**WHAT YOU WILL DO:** The line with "ごはん、牛乳、チキンカツナゲ" and each line following it, up to the final line of the data, should be set down exactly; pictures stay out.
==== EXERCISE INPUTS
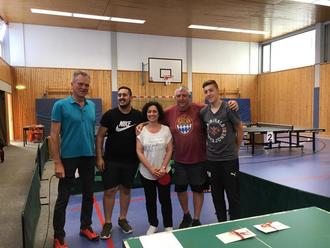 Das Bild zeigt eine Mannschaft aus unserem Turnier 2019; links TTC-Vorsitzender Paul Wehner, in der Mitte Anja Biedenbach, die Nüsttaler Sportkoordinatorin „gemeinsam aktiv“.
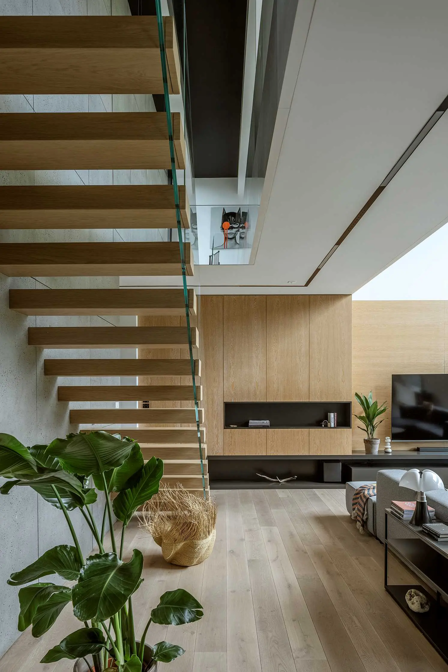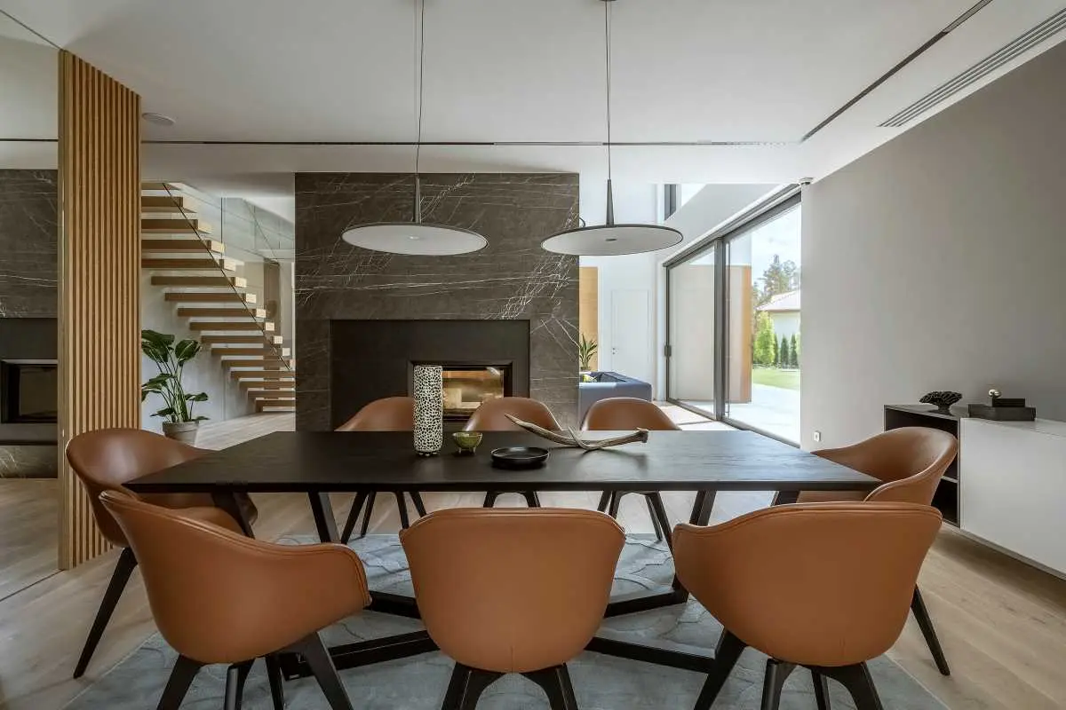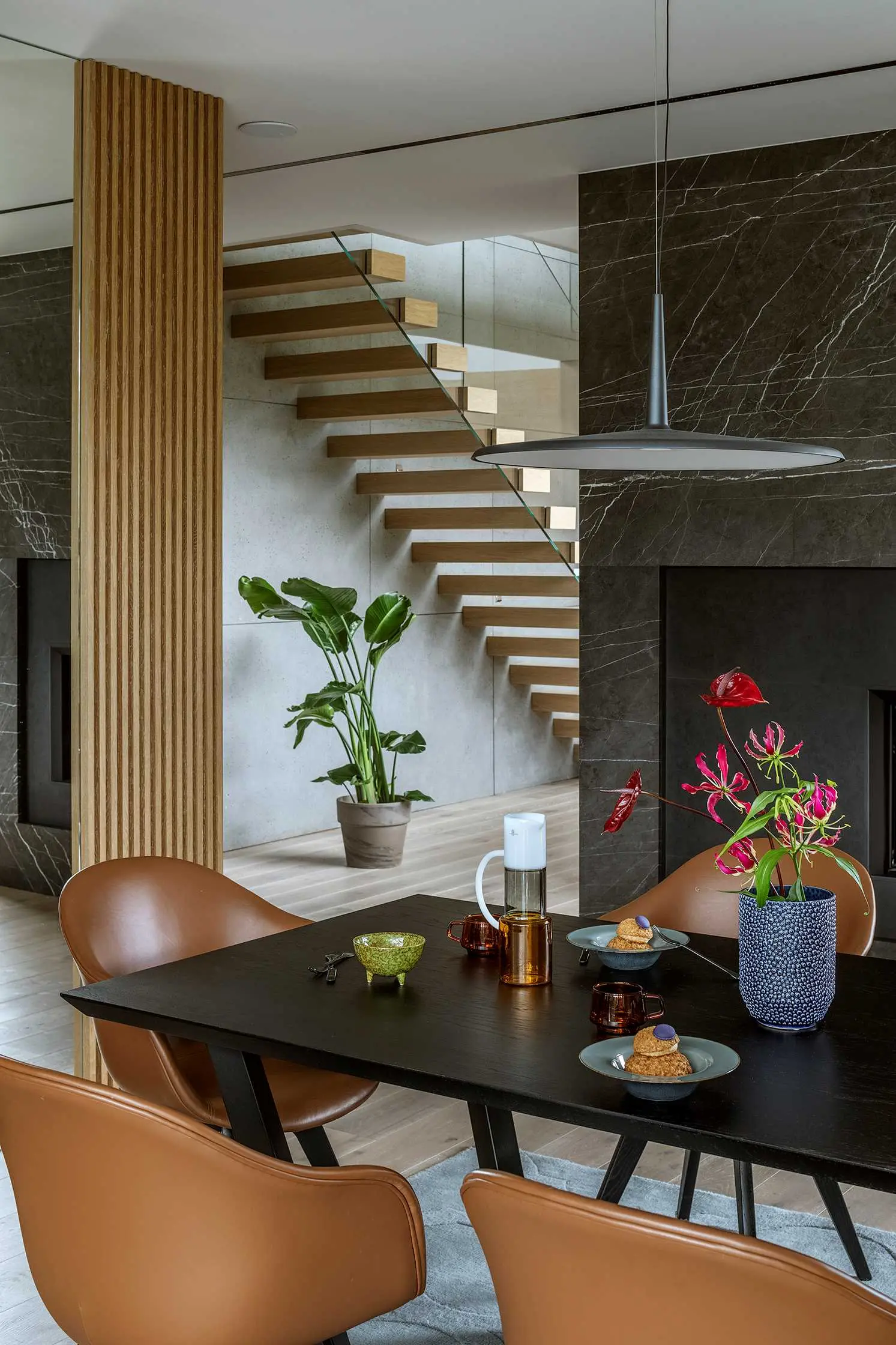 Projekt rodzinnego domu opracowany został na podstawie szczegółowych wytycznych Inwestora oraz architekta budynku. Niezwykle harmonijne wnętrze, które zostało wplecione w otaczającą go przyrodą. W projekcie wykorzystano wysokiej jakości materiały nawiązujące do naturalnych produktów. Przewodnie kolory to naturalne drewno, szarości przechodzące delikatnie w biel. Wszystko znakomicie ze sobą się komponuje tworząc idealny dom.
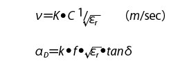 また、信号の伝搬速度は基板材料に依存し、伝搬速度(ν)、および、誘電損(αD)は
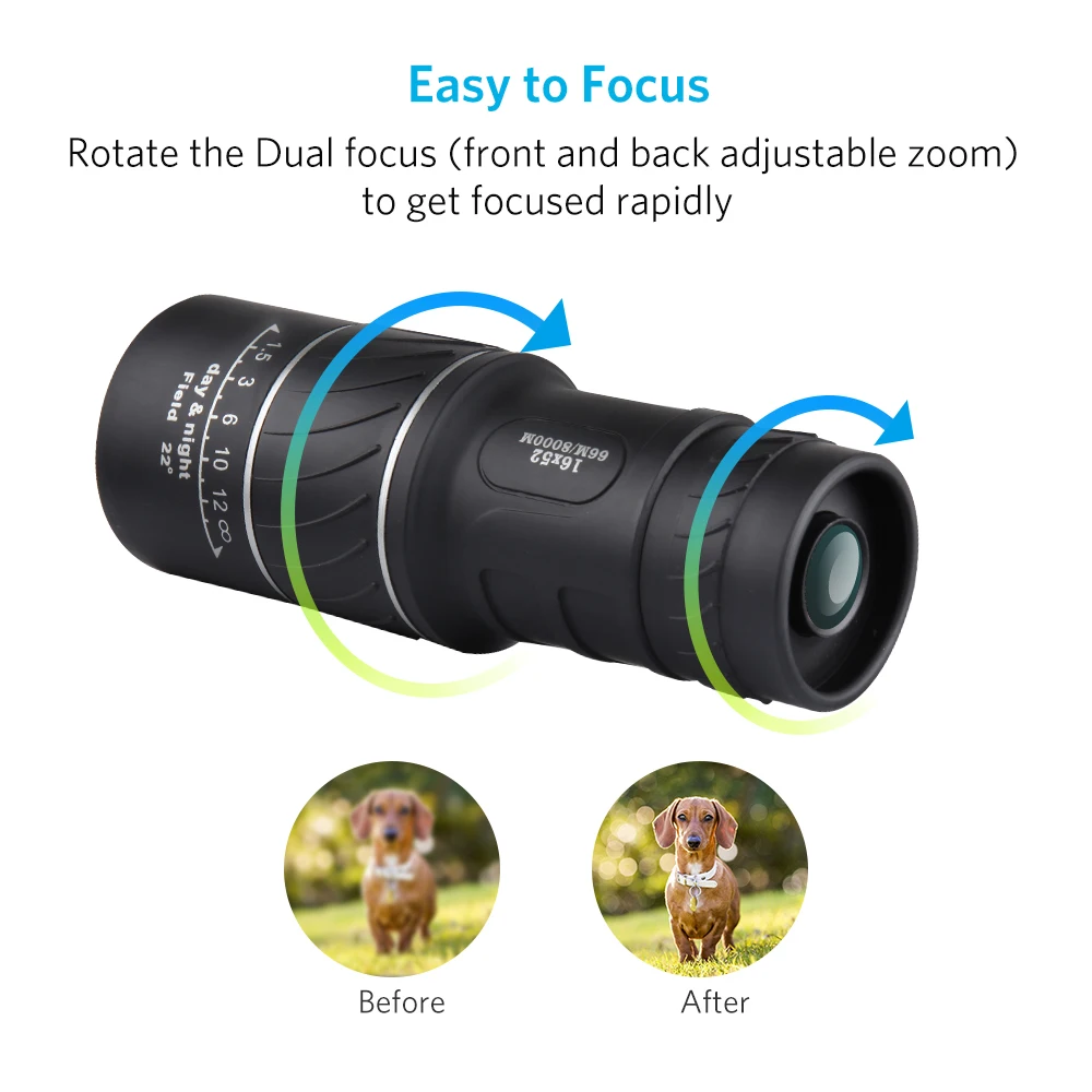 Видеть предметы 16X ближе и получить более четкую и яркую передачу с УФ-фильтр 52 мм с объективом и 18,5 мм линзы Рыбий глаз.
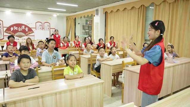 开展一次红色支教,学唱红色歌谣。7月8日,小分队前往城关镇北门岗社区儿童之家,开展红色支教活动。队员们带领小朋友们一起了解红安红色人物、学习红色故事、观看红色影片、学唱红色歌谣《红安谣》,加强小朋友们对红色文化的理解,引导他们树立中国特色社会主义共同理想,让红色基因代代相传。
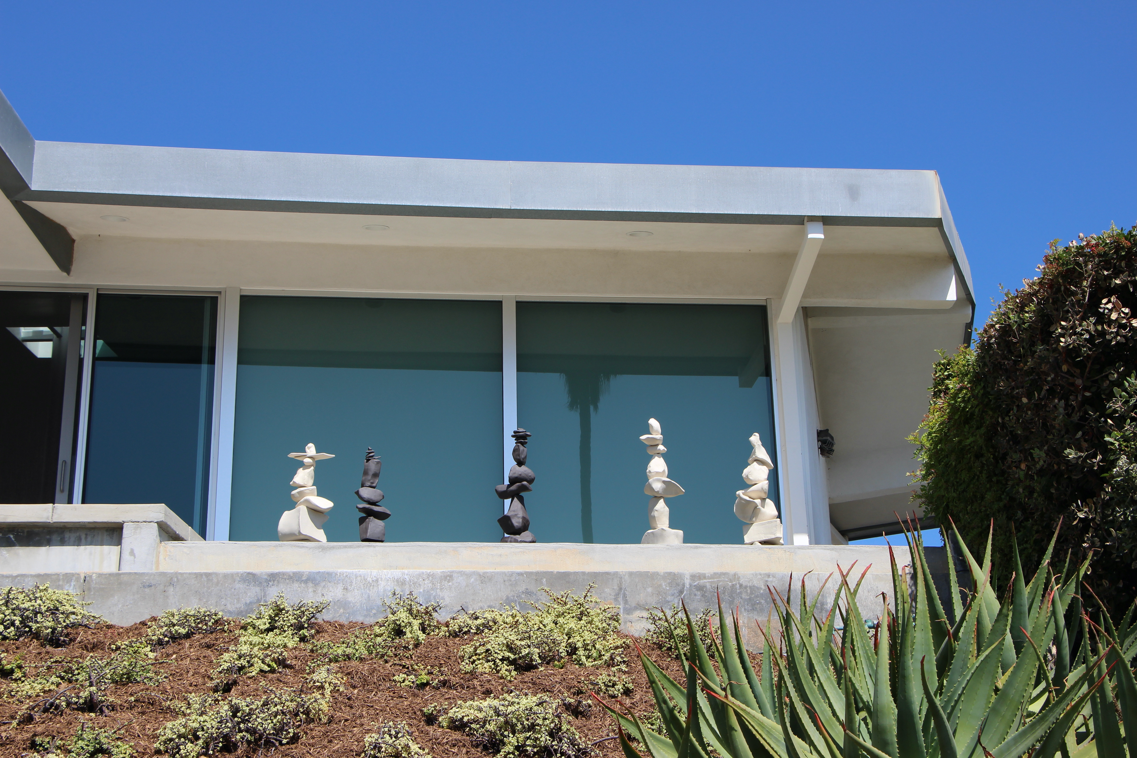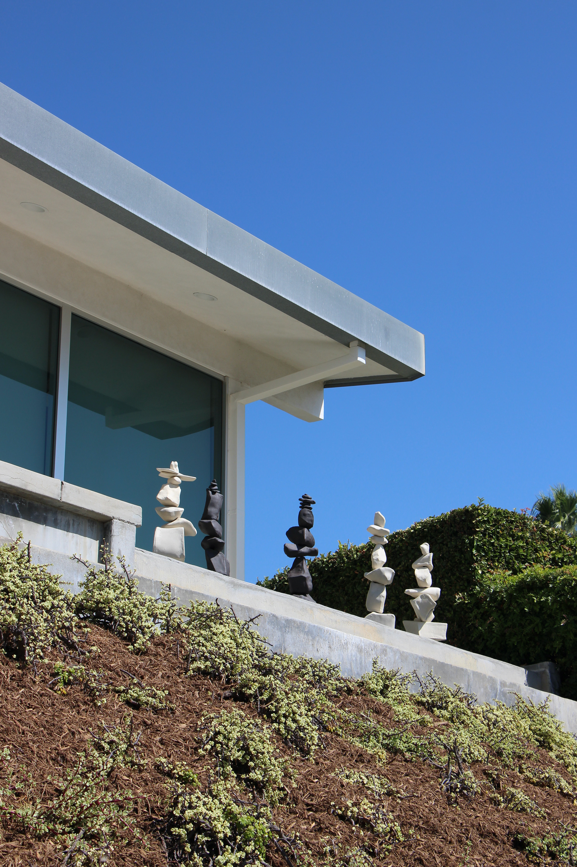 five hand-built tower forms, steel rebar inner, Commission by Sue Keane
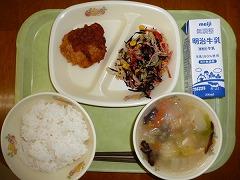 ごはん、牛乳、チキンカツナゲットソースがけ、ひじきのサラダ、かんぴょうボール入りはくさいスープ
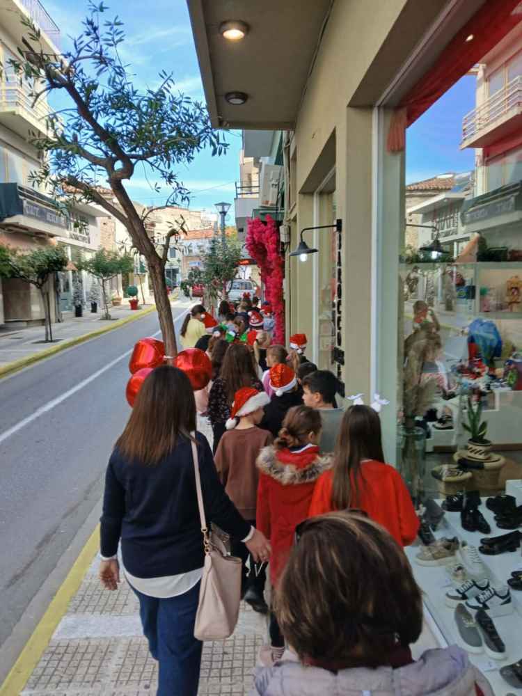 . Οι μαθητές των τμημάτων Γ1 και Ε1 τραγούδησαν στους δρόμους της πόλης τα κάλαντα των Χριστουγέννων και της Πρωτοχρονιάς, μεταφέροντας το γιορτινό κλίμα στους κατοίκους.
========
**COMPLETED EXERCISE:**
 ごはん、牛乳、チキンカツナゲットソースがけ、ひじきのサラダ、かんぴょうボール入りはくさいスープ
 . Οι μαθητές των τμημάτων Γ1 και Ε1 τραγούδησαν στους δρόμους της πόλης τα κάλαντα των Χριστουγέννων και της Πρωτοχρονιάς, μεταφέροντας το γιορτινό κλίμα στους κατοίκους.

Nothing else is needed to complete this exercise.